We are going to route NL2IR to a dedicated Anthropic service, enable prompt caching on the static part of the prompt, and use a request handler package to move the variable structured-data section out of the system prompt.
One important thing up front: this specific implementation is for Anthropic.
The high-level idea can work with other providers too, but not in exactly the same way. This version depends on Anthropic prompt caching and on being able to shape the request so that Anthropic sees a stable prefix it can reuse.
What we will build:
A dedicated AI service for NL2IR
A static system prompt stored in the service Additional Parameters
Anthropic prompt caching enabled on that static prompt
A request handler package that rewrites the NL2IR request into a cache-friendlier shape
The result is that after the first request pays the initial cost, the vast majority of the prompt gets cached and reused on every subsequent call. In practice, that means every NL2IR call across your reports can benefit from the same cache.
What Anthropic prompt caching actually does
If you have not used Anthropic prompt caching before, the short version is simple: Anthropic can cache an identical prompt prefix and reuse it on follow-up calls.

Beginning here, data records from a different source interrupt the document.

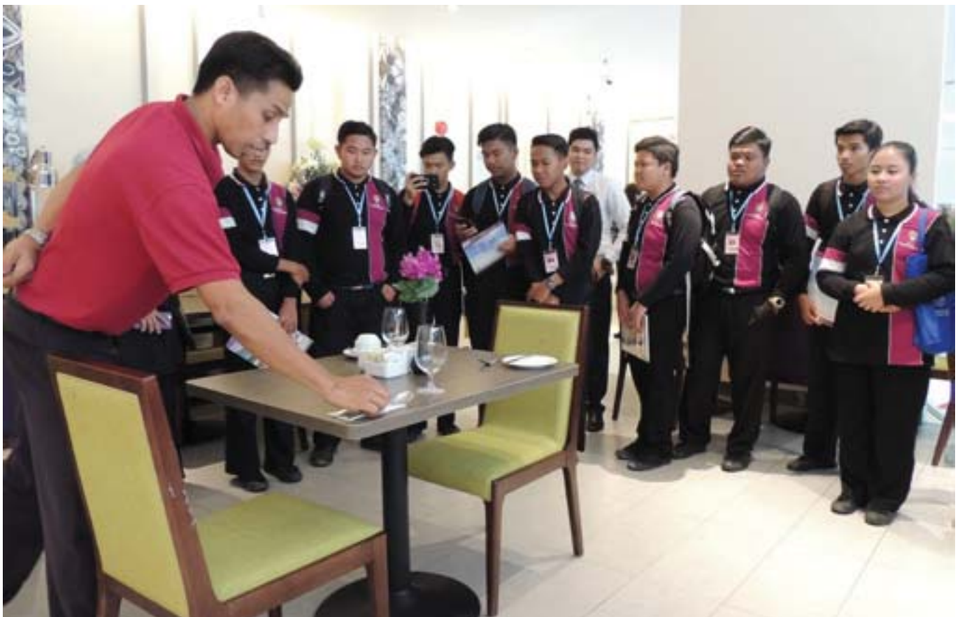
Demonstrasi penyediaan meja makan oleh Mercure Kota Kinabalu kepada pelajar Ascot Academy.

KSM juga telah mengambil langkah-langkah bagi meningkatkan tahap TVET, iaitu dengan menetapkan sekurang-kurangnya 30% daripada keseluruhan pengambilan pelajar di semua institut latihan kemahiran awam melaksanakan latihan secara Sistem Latihan Dual Nasional (SLDN), menetapkan agar badan yang diterajui industri mewajibkan syarikat/ahli mereka menjadi penyedia latihan SLDN dan meningkatkan insentif kewangan bagi perantis dari RM300 ke RM500 untuk meningkatkan jumlah pelajar yang dilatih di bawah SLDN.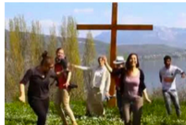
Non riesco a capire in che cosa consista la gioia cristiana: cosa mi sfugge?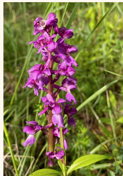
Orchis mâle Orchis mascula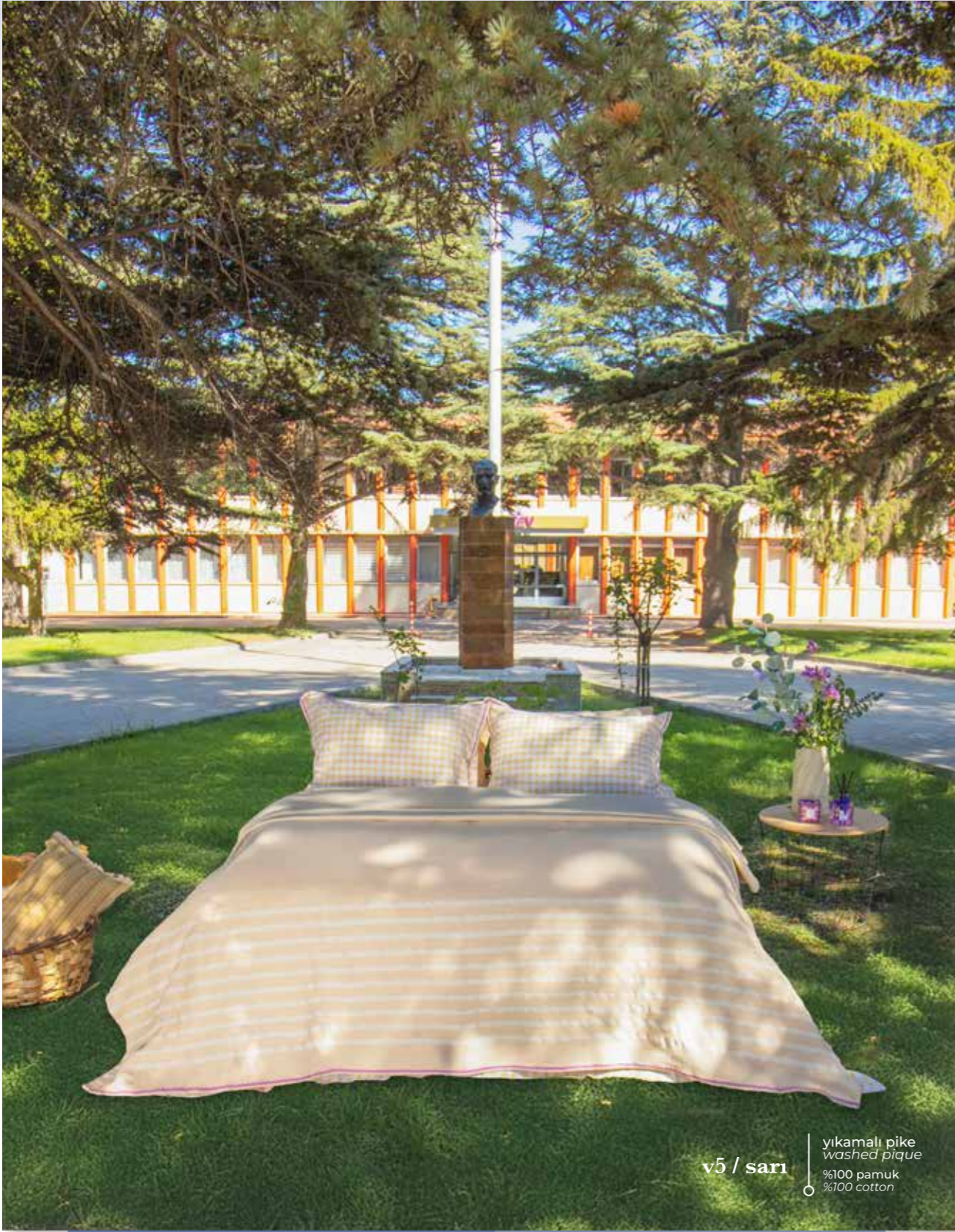
v5 / sarı yıkamalı pike washed pique %100 pamuk %100 cotton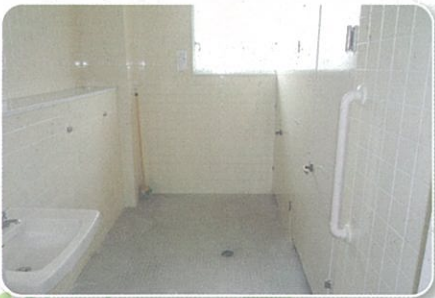
南畑会館トイレ改修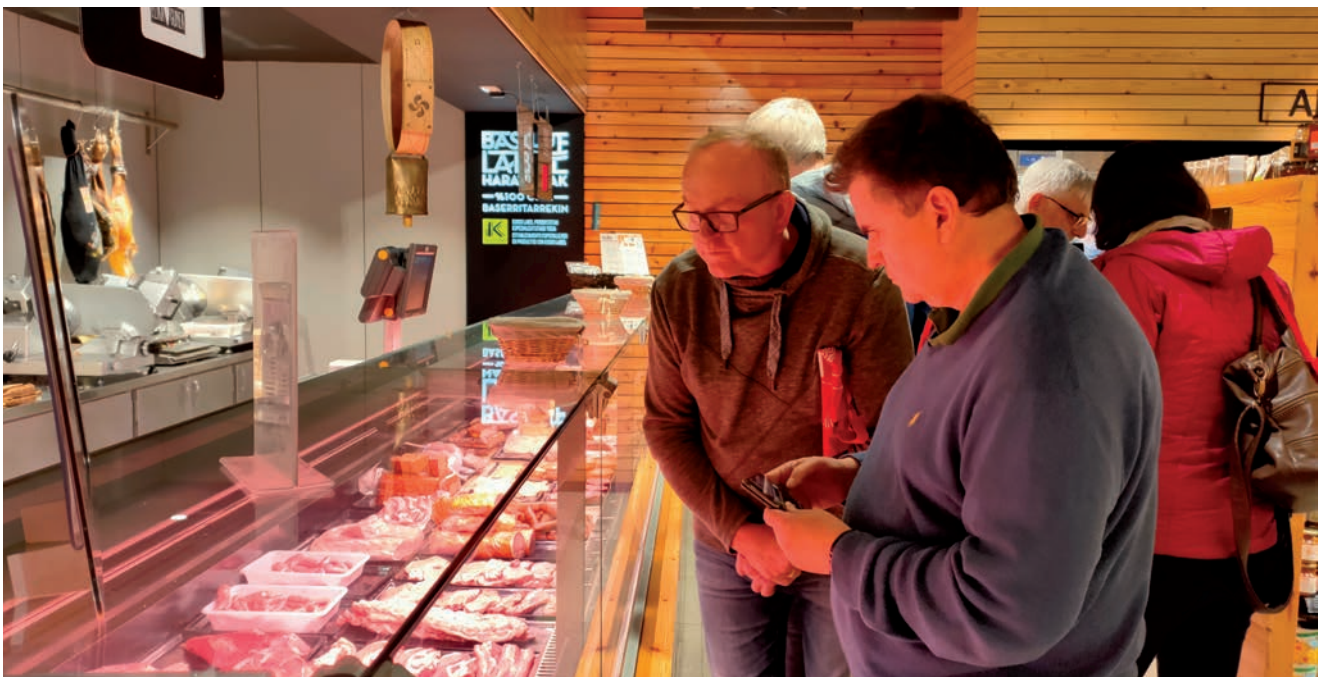
Basque Label harategien funtzionamenduaz gain, bertako haragiaren kalitatea arretaz aztertu zuten.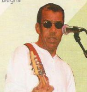
BEN, Jorge. SIMONAL, Wilson. Jorge Ben. Rio de Janeiro: Philips, 1969. 1 LP; estéreo.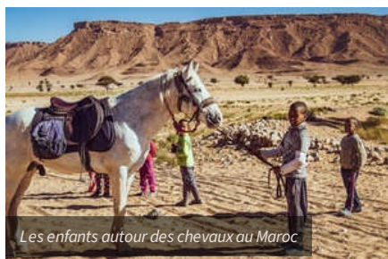
Les enfants autour des chevaux au Maroc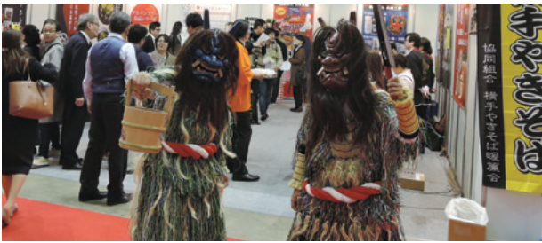
[ブースでのなまはげ]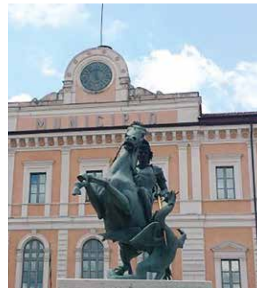
Palazzo San Giorgio

A San Giorgio è intitolato anche il Palazzo Municipale e nella piazza adiacente il Comune, piazza Vittorio Emanuele II, proprio di fronte all'ingresso, a settembre 2012 è stata inaugurata una statua in omaggio al Patrono nella classica posizione a cavallo che trafigge il drago con la sua lancia.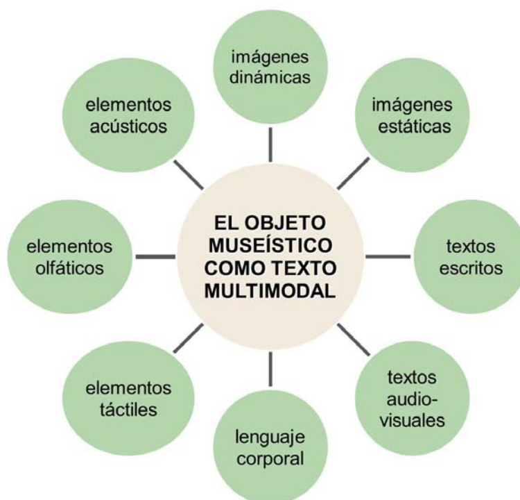
Fig. 1: El objeto museístico como texto multimodal.

En el museo, por tanto, el objeto museístico forma parte del texto multimodal (fig. 1):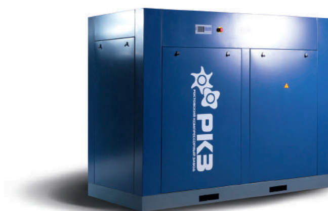
Airrus NB 75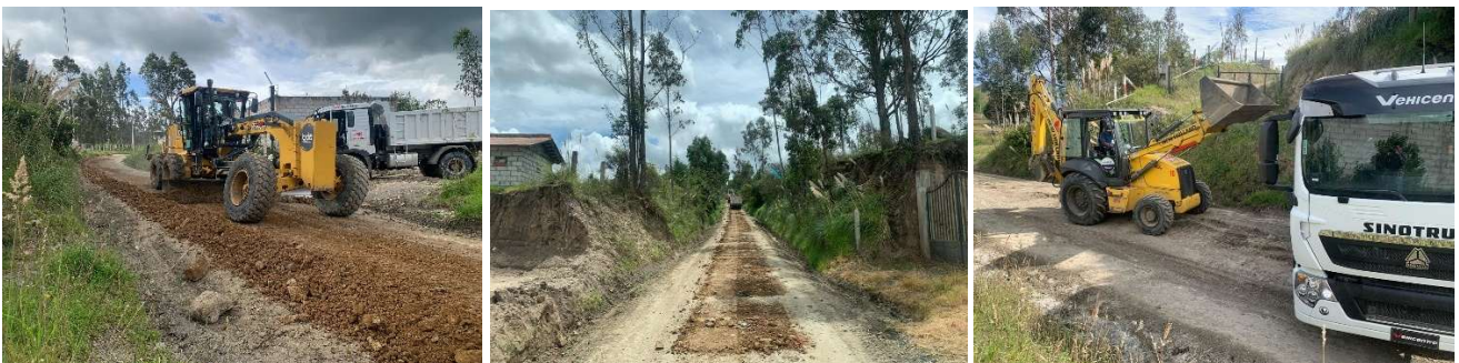
Foto 18: Programa de mantenimiento vial – La Raya Corazón de Jesús

So instead of sending the same big static prompt over and over again at full price, you pay once to write it into cache, and then the next requests can read that cached prefix much more cheaply.
The important part is this: the cached prefix must stay identical.
If the stable part of the prompt keeps changing, you will keep missing the cache and you will not save much. By default, the cache lives for 5 minutes, which is perfectly fine for a feature like NL2IR where users often try several queries one after another.
There is also an option to extend it to 1 hour, although you pay a little bit more, if you expect your usage patterns to be more sporadic.
If you want the full details, Anthropic has a good prompt caching guide here: https://platform.claude.com/docs/en/build-with-claude/prompt-caching
That is why prompt shape matters here.
Why NL2IR is a good candidate for caching
NL2IR sends a lot of prompt data. And most of that prompt is not the user question.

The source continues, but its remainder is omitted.